2. Promuovere forme di democrazia partecipativa e diretta
E’ ormai matura la scelta di attivare nuove forme di democrazia partecipativa come regola permanente di governo. In questi anni numerosissime sono state le esperienza e le sperimentazioni attivate da Comuni, Province e Regioni, e significativo appare il riconoscimento normativo offerto a tali processi anche dalla legislazione regionale, che già in due casi (Toscana ed Emilia-Romagna) ha creduto doveroso approvare norme sui processi di partecipazione per garantirne trasparenza, accessibilità, democraticità, efficacia ed efficienza.

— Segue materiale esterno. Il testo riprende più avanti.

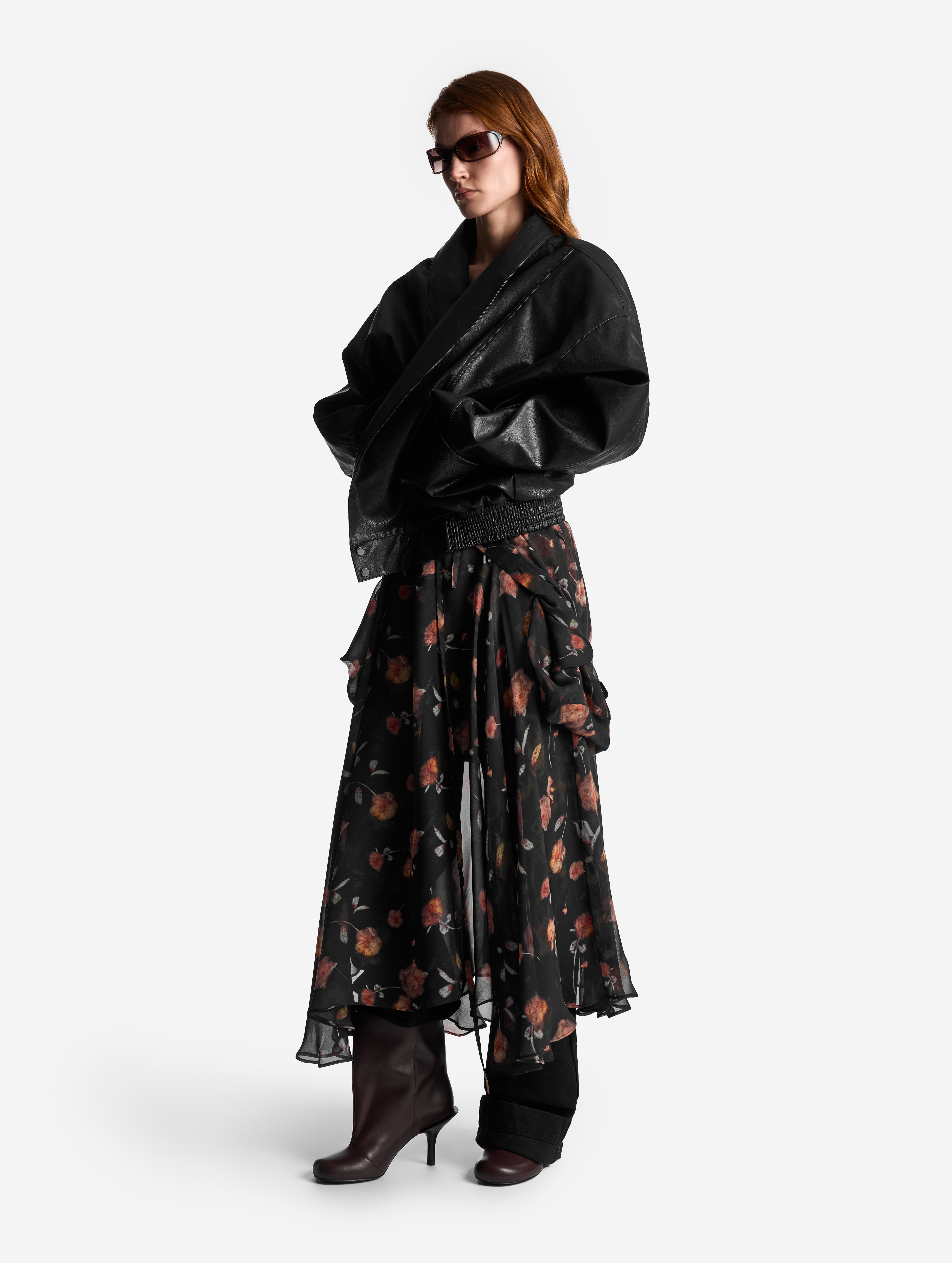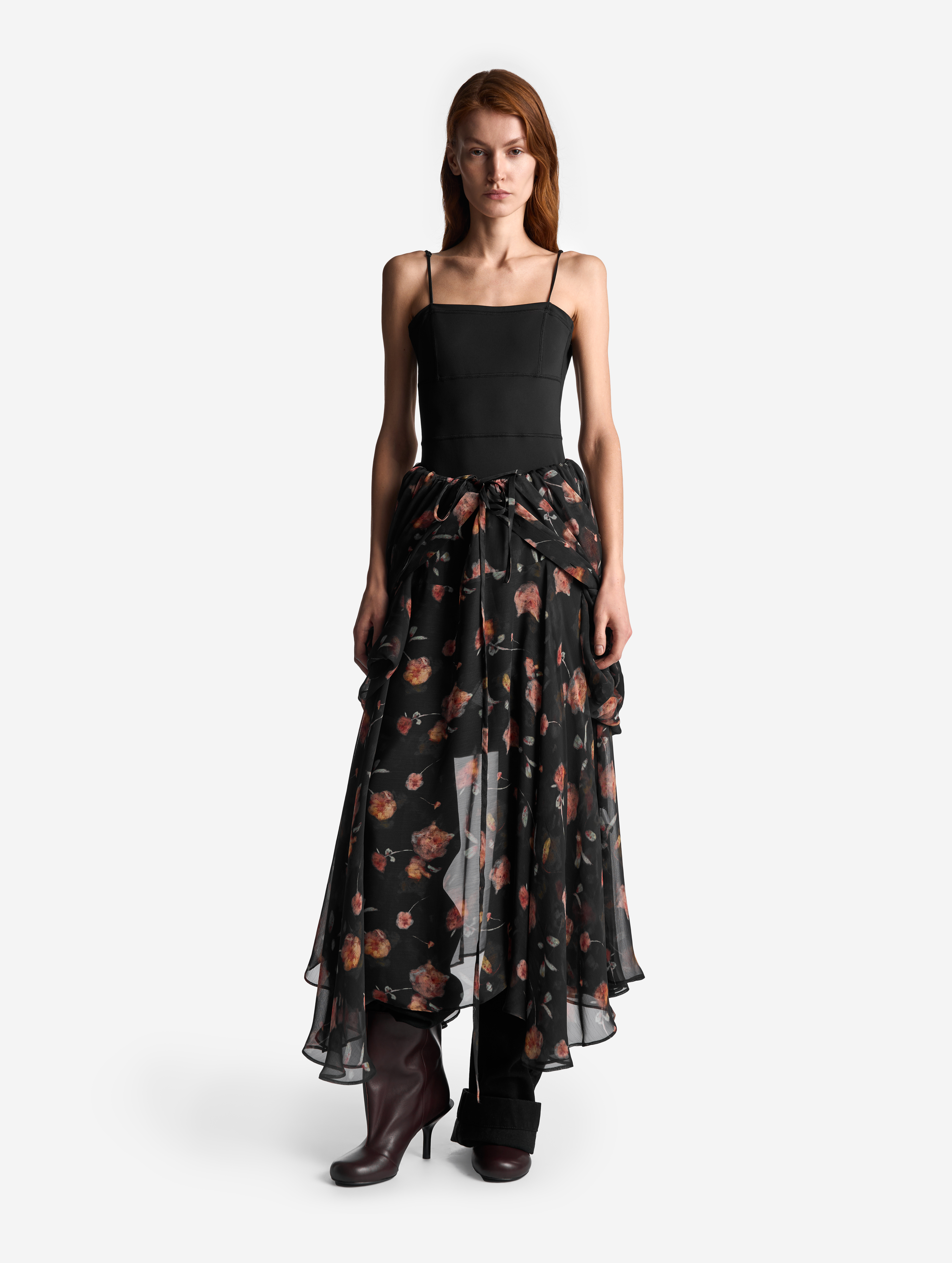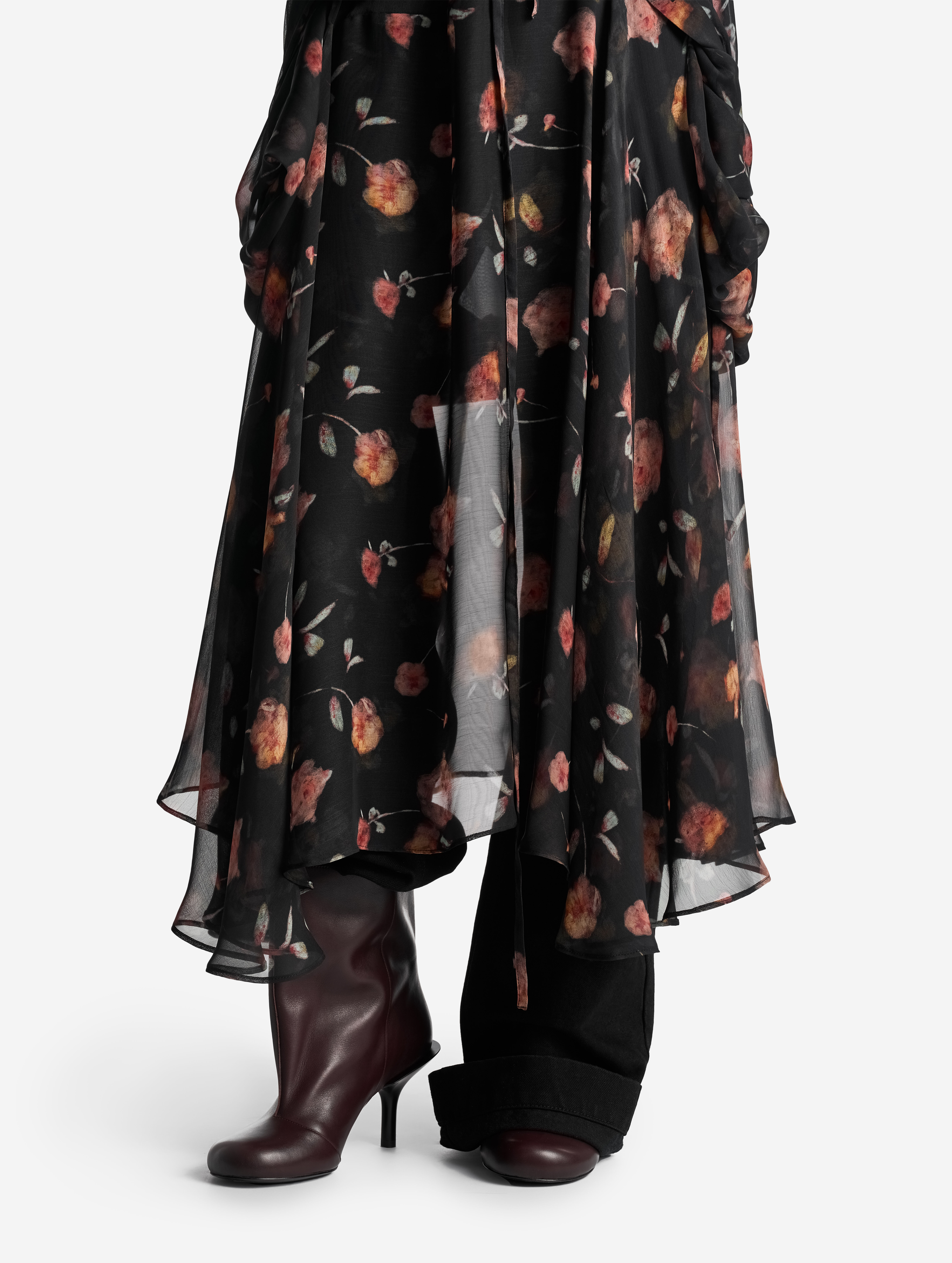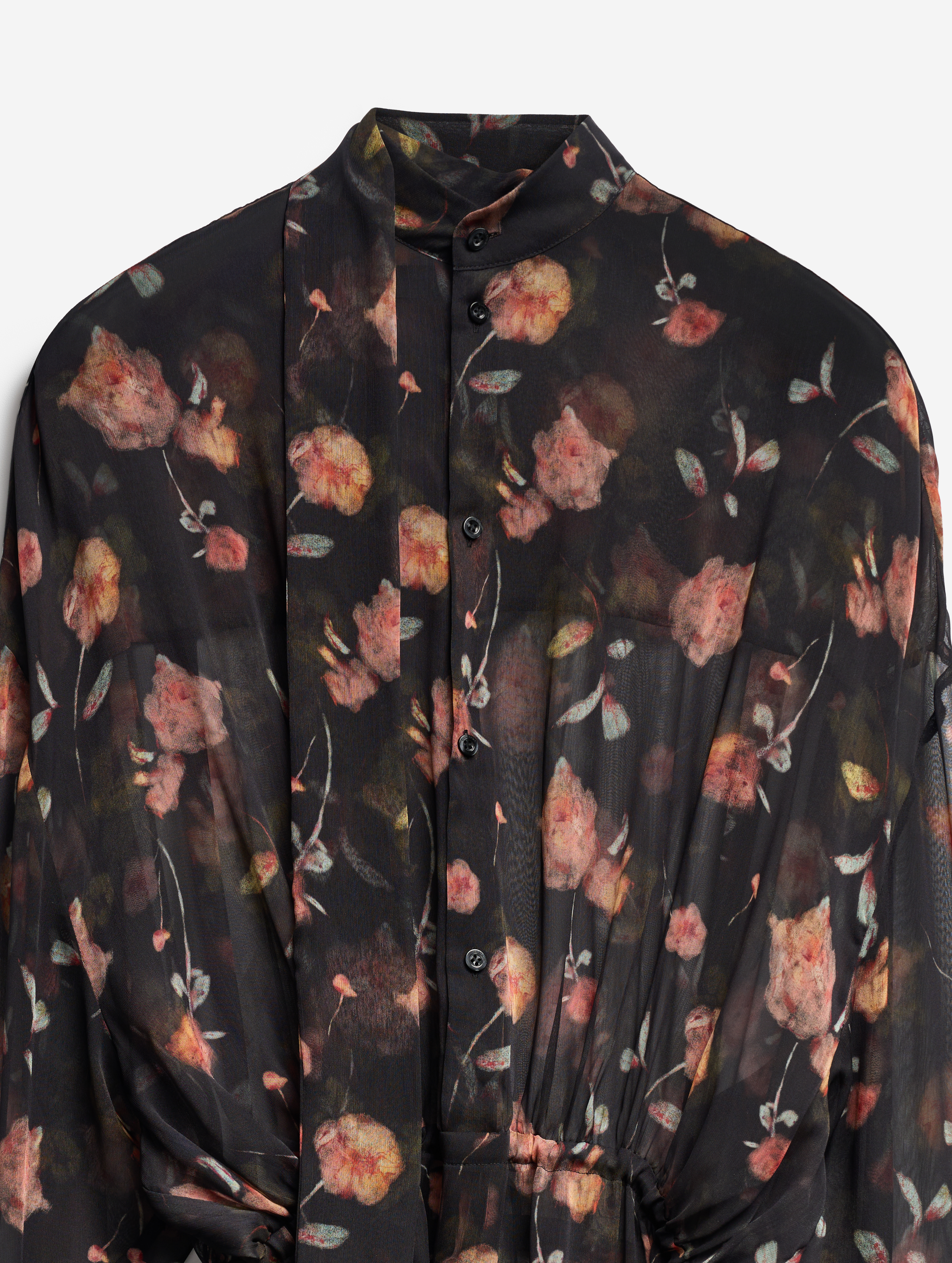 Свободное и струящееся, с воротником-стойкой, длинными широкими рукавами и асимметричной юбкой — это платье сядет на любую фигуру. Мы презентуем эту модель как трансформер: если завязать внутреннюю кулиску на талии или бедрах и скинуть верх платья, оно превратится в сложную юбку. Одна сторона воротника переходит в длинную ленту — ее можно оставить свободно развеваться или продеть сквозь незаметную прорезь, перекинув через плечо (на манер легкого шарфа). Изделие, как и манжеты, застегивается на пуговицы.
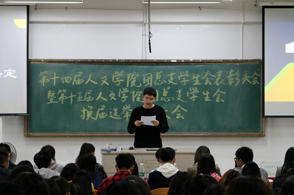 为表彰先进,树立典型,进一步增强学生干部工作的主动性和创造性,10月28日18:30在图教楼B405,人文学院举办了第十四届团总支学生会表彰大会暨第十五届团总支学生会换届选举动员大会。全院各班级学生代表参加了此次大会。
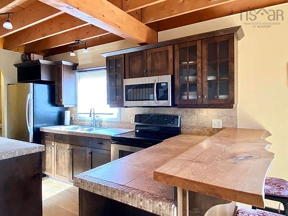 Ideally located in the heart of Summerville Centre along the coveted South Shore, this well built three bedroom home is within walking distance to one of Nova Scotia’s most expansive white sand beaches. The open layout of the main floor has a casual and somewhat rustic feel, with exposed ceiling beams, wooden floors, a cozy wood burning stove, and a live edge wooden countertop on the breakfast bar. The kitchen also features stainless steel appliances, a centre island and separate pantry offering an abundance of storage space. Patio doors off the living room open onto a back deck with a screened porch area that is ideal for outdoor entertaining and dining. The primary bedroom also has patio doors with access to a private balcony with views of the ocean and beach. The detached garage/workshop is heated and wired with 200 AMP service. A new septic system was installed in 2021. The property is next to the Rails-to-Trails path that leads directly to Summerville Beach and the Quarter Deck Restaurant and Resort. White Point Beach and Golf Course is a short 5 minute drive and the historic town of Liverpool is a 10 minute drive. In addition to major amenities, the town is a hub of cultural and community activity, with outdoor markets, live theatre and music events at the Astor theatre, and the annual celebration of Privateers Days. This property would make a comfortable full-time or vacation home. We invite you to come and SEA!
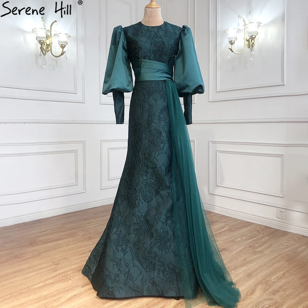 Muslim Green Lantern Sleeves Evening Dresses Gowns 2025 Mermaid Elegant For Women Party LA71160
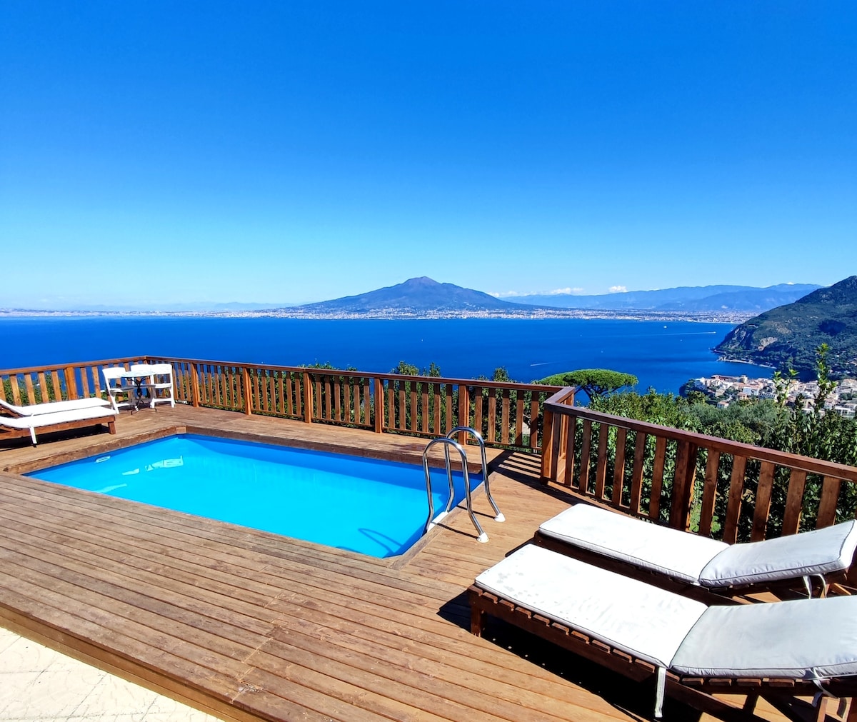 Typical italian villa surrounded by greenery and quiet of a farm. Ideal for those who want to visit Sorrento, Capri and the Amalfi coast but enjoy peace and tranquility. One km far from the city center and from Meta train station. The villa is a single building consisting of two private bedrooms, kitchen and living area with 2 sofa beds, two bathrooms. Private terrace and garden with sofas and sun loungers. Seasonal swimming pool, pool table and wood oven with tavern available for guests.
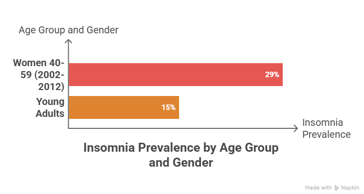 The gender gap is also widening over time. Between 2007 and 2021, women aged 18–64 saw a 1.24-fold increase in nighttime insomnia symptoms, while rates for men in the same age group stayed flat. Research published in applied physiology and sleep medicine journals confirms these self-reported patterns.
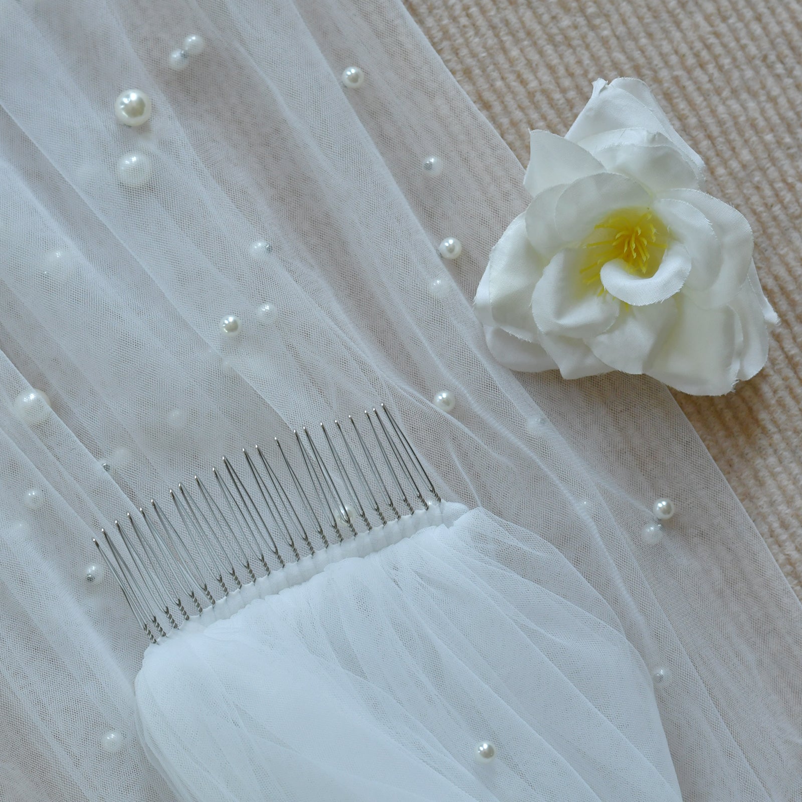 BRIDELLA BV176 1 Piece Single Layer Fingertip Length Artificial Pearl Bridal Veil Suitable For Wedding Registration Wedding Accessories Include Hair Comb
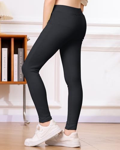 Girls Leggings Cotton Pants Stretchy Tight Toddler Basic Casual Legging with Pockets 5-13years 5
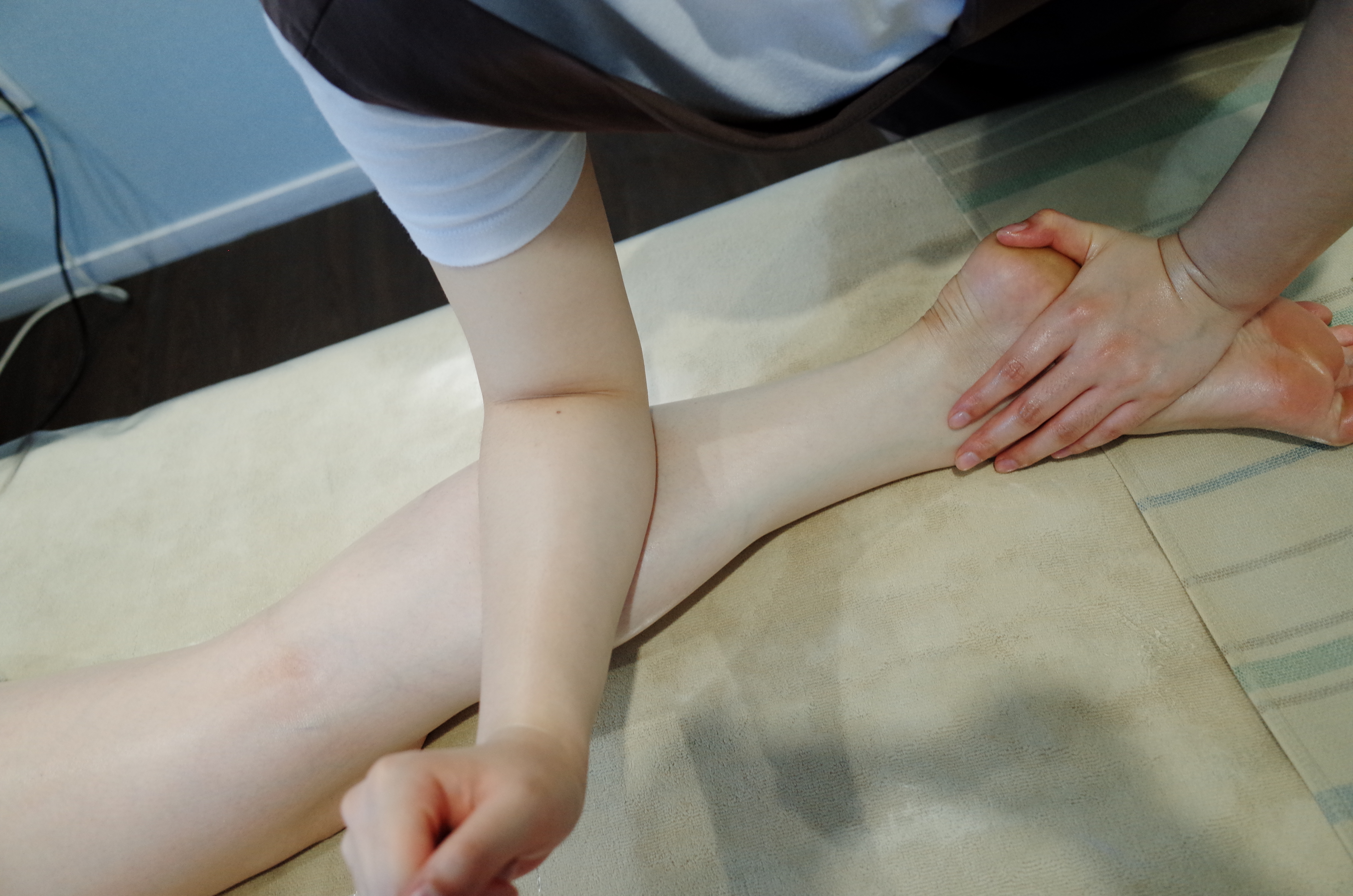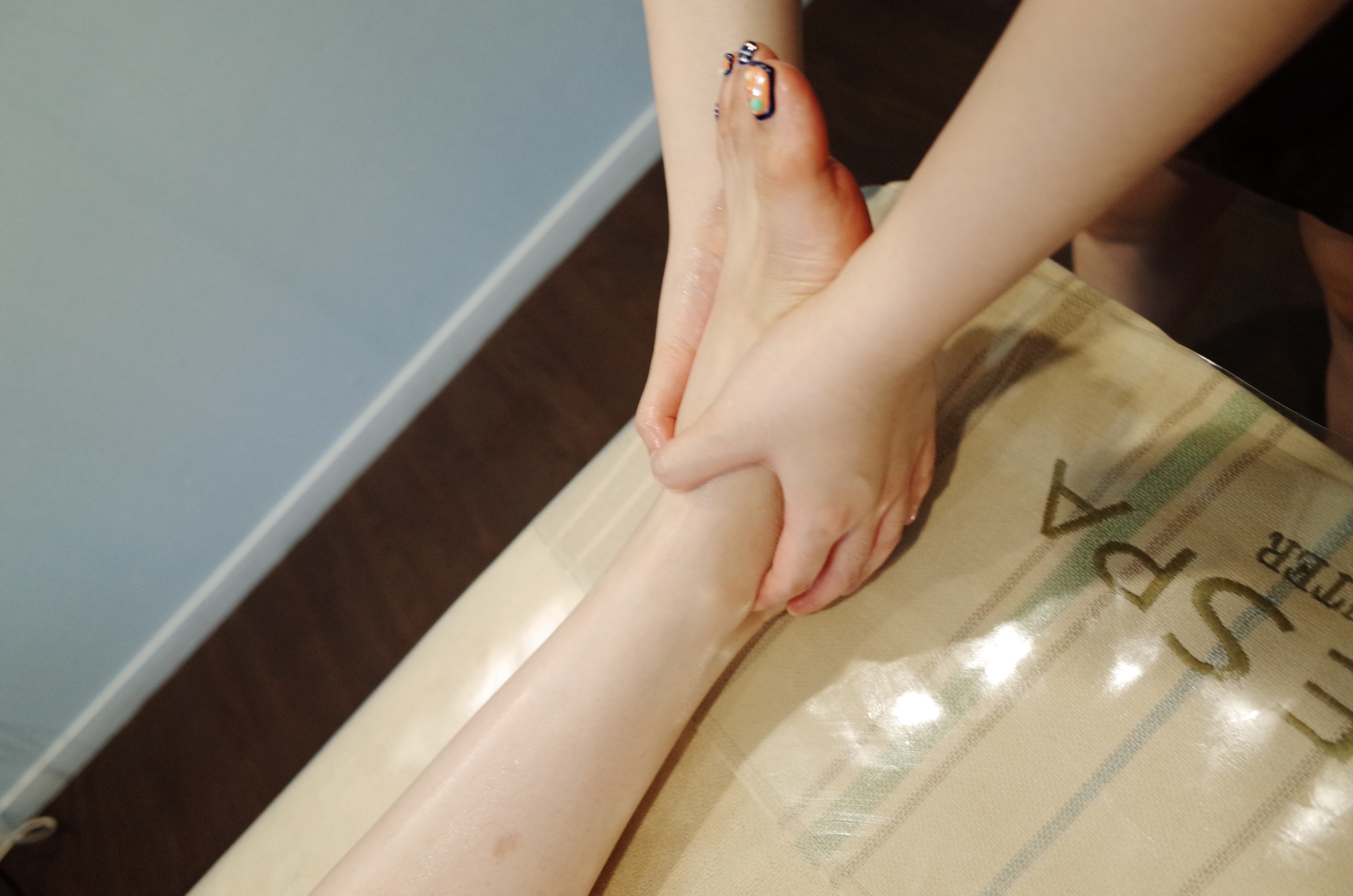허벅지랑 발목, 발등까지도 꼼꼼하게 마사지를 해주세요.

La crescita del protagonismo sociale nelle mobilitazioni internazionali e nazionali e la forte domanda di partecipazione, la diffusione di esperienze di partecipazione nelle forme e negli ambiti più diversi che si accompagna alla crisi di rappresentanza degli istituti di democrazia delegata, alla disaffezione al voto, alla crescita di politiche individualistiche di desolidarizzazione sociale e di esaltazione del mercato, ha reso questi strumenti fondamentali per ricostruire, in controtendenza, legame sociale attraverso la ricostruzione di un rapporto fra bisogni sociali e istituzioni, per restituire spazio pubblico di decisione sui destini della città e del territorio, e per includere come altrettante risorse gli interessi dei più deboli, dei migranti, delle diversità culturali nel progetto di futuro della comunità locale.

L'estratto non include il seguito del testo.